### Task statement
Apart from the pictures, write out all the records exactly.

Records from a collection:
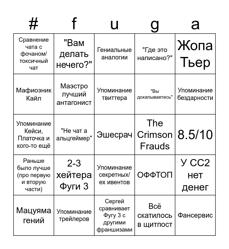 This bingo card has 25 words: 2-3 хейтера Фуги 3, Сергей сравнивает Фугу 3 с другими франшизами, Упоминание твиттера, Мацуяма гений, Жопа Тьер, Сравнение чата с фочаном/токсичный чат, Мафиозник Кайл, "Вам делать нечего?", The Crimson Frauds, Упоминание секретных/ех ивентов, "Вы докапываетесь", Упоминание Кейси, Платочка и кого-то ещё, ОФФТОП, У СС2 нет денег, Маэстро лучший антагонист, Фансервис, 8.5/10, Гениальные аналогии, Упоминание бездарности, "Не чат а альцгеймер", Эшесрач, Упоминание трейлеров, Раньше было лучше (про первую и вторую части), "Где это написано?" and Всё скатилось в щитпост.
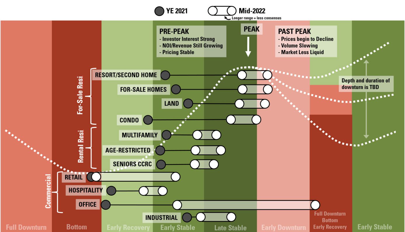 - Rental residential uses including multifamily apartment, seniors CCRC, and age-restricted rentals have relative consensus around being the expansionary stable phases.
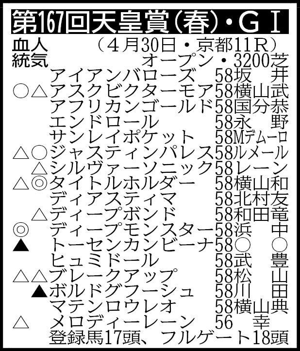 「天皇賞(春)・G1」(30日、京都)
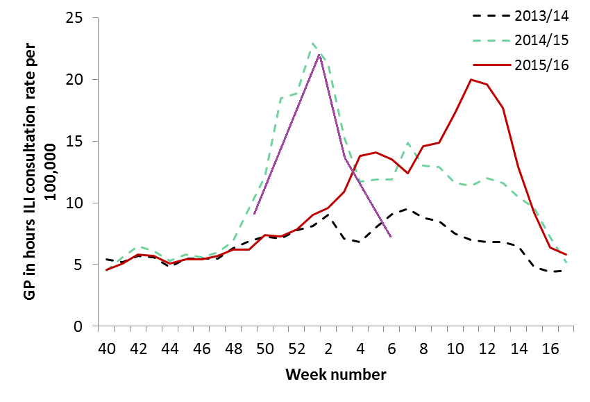 What I found was that there were two types of flu season. One was more ‘gradual’. It tended to rise slowly at the start of the year, through January and February and into March. The other type was sharper and more ‘aggressive’. This type of flu season tended to spike early, around the first week of January and burn out quicker.
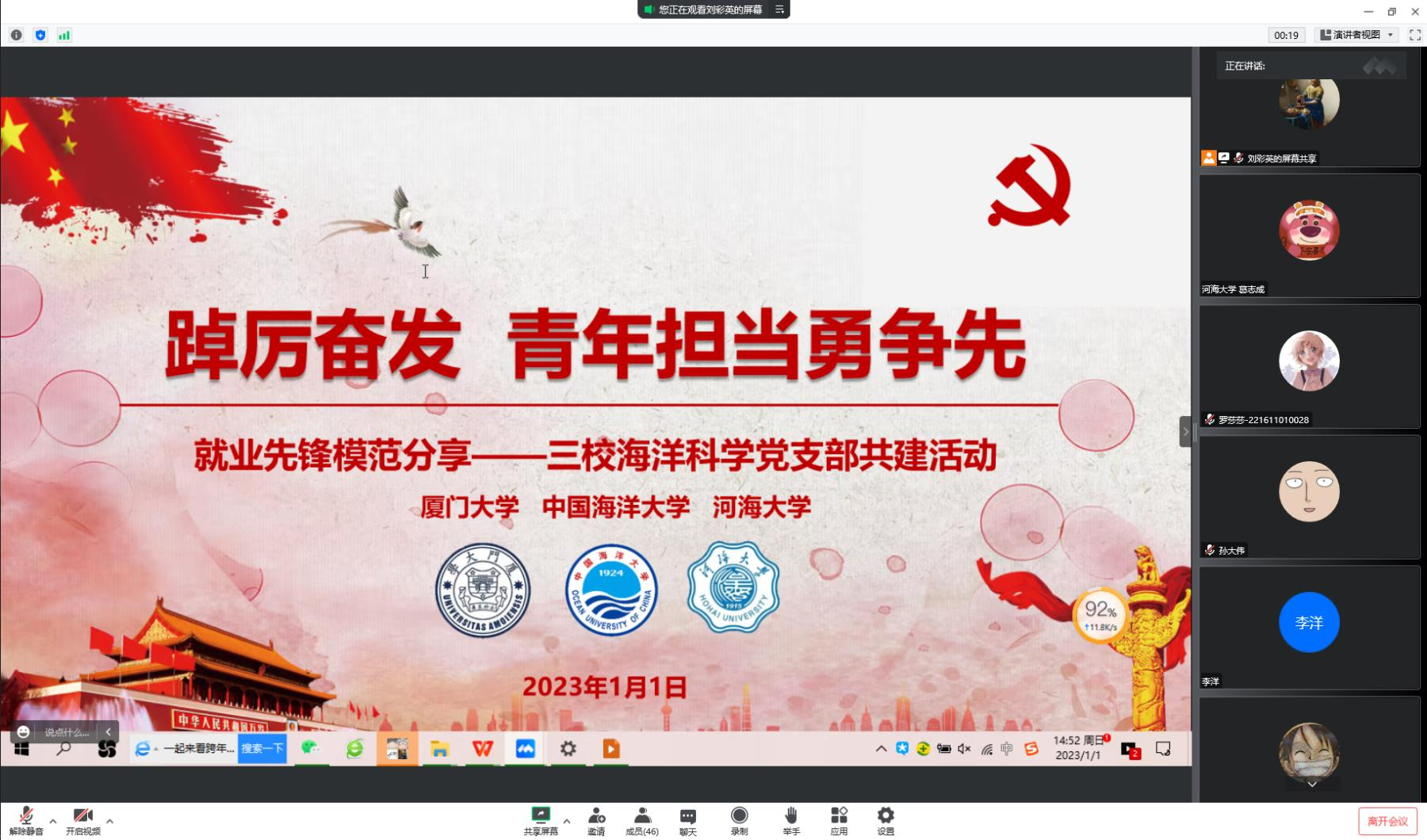 为进一步贯彻落实党的二十大精神,促进大学生高质量充分就业,2023年1月1日下午,我院与河海大学、中国海洋大学联合开展“踔厉奋发,青年担当勇争先——就业先锋模范分享”活动,三校学生党支部共计130余人参与了活动,活动通过腾讯会议开展。

### Your solution
 This bingo card has 25 words: 2-3 хейтера Фуги 3, Сергей сравнивает Фугу 3 с другими франшизами, Упоминание твиттера, Мацуяма гений, Жопа Тьер, Сравнение чата с фочаном/токсичный чат, Мафиозник Кайл, "Вам делать нечего?", The Crimson Frauds, Упоминание секретных/ех ивентов, "Вы докапываетесь", Упоминание Кейси, Платочка и кого-то ещё, ОФФТОП, У СС2 нет денег, Маэстро лучший антагонист, Фансервис, 8.5/10, Гениальные аналогии, Упоминание бездарности, "Не чат а альцгеймер", Эшесрач, Упоминание трейлеров, Раньше было лучше (про первую и вторую части), "Где это написано?" and Всё скатилось в щитпост.
 - Rental residential uses including multifamily apartment, seniors CCRC, and age-restricted rentals have relative consensus around being the expansionary stable phases.
 「天皇賞(春)・G1」(30日、京都)
 What I found was that there were two types of flu season. One was more ‘gradual’. It tended to rise slowly at the start of the year, through January and February and into March. The other type was sharper and more ‘aggressive’. This type of flu season tended to spike early, around the first week of January and burn out quicker.
 为进一步贯彻落实党的二十大精神,促进大学生高质量充分就业,2023年1月1日下午,我院与河海大学、中国海洋大学联合开展“踔厉奋发,青年担当勇争先——就业先锋模范分享”活动,三校学生党支部共计130余人参与了活动,活动通过腾讯会议开展。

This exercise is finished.